Dynamic programming methods ensure the optimal local alignment by exploring all possible alignments and choosing the best. It does this by reading in a scoring matrix that contains values for every possible residue or nucleotide match. WATER finds an alignment with the maximum possible score where the score of an alignment is equal to the sum of the matches taken from the scoring matrix.
Smith-Waterman algorithm Determine the substitution matrix and the gap penalty scheme, initialize the scoring matrix, core each element from left to right, top to bottom in the matrix, considering the outcomes of substitutions (diagonal scores) or adding gaps and then starting at the element with the highest score, traceback based on the source of each score recursively, until 0 is encountered.

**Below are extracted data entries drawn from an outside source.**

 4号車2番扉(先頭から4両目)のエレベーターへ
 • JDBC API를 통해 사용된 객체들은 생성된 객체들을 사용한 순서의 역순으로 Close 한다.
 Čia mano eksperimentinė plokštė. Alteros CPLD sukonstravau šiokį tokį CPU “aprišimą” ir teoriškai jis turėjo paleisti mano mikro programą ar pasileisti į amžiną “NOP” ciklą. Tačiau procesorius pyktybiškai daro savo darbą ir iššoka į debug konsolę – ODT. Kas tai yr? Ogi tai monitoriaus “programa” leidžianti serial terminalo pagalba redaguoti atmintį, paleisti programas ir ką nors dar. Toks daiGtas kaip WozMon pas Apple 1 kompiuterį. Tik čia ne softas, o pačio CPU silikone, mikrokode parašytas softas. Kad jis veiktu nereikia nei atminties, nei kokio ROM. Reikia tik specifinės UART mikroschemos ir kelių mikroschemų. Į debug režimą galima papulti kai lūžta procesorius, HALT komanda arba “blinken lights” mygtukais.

An important problem is the treatment of gaps, i.e., spaces inserted to optimise the alignment score. A penalty is subtracted from the score for each gap opened (the ‘gap open’ penalty) and a penalty is subtracted from the score for the total number of gap spaces multiplied by a cost (the ‘gap extension’ penalty). Typically, the cost of extending a gap is set to be 5-10 times lower than the cost for opening a gap.

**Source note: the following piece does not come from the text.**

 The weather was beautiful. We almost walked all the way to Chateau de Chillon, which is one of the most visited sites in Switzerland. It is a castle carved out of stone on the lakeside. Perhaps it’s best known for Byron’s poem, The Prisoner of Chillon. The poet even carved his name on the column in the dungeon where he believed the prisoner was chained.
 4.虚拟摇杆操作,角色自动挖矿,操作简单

- There are two ways to compute a penalty for a gap of n positions : gap opening penalty + (n – 1) * gap extension penalty gap penalty
- + n * gap length penalty
The two methods are basically equivalent. The first way is used by EMBOSS and WU-BLAST. The second way is used by NCBI-BLAST, GCG, Staden and CLUSTAL. Fasta used it for a long time the first way, but Prof. Pearson decided recently to shift to the second.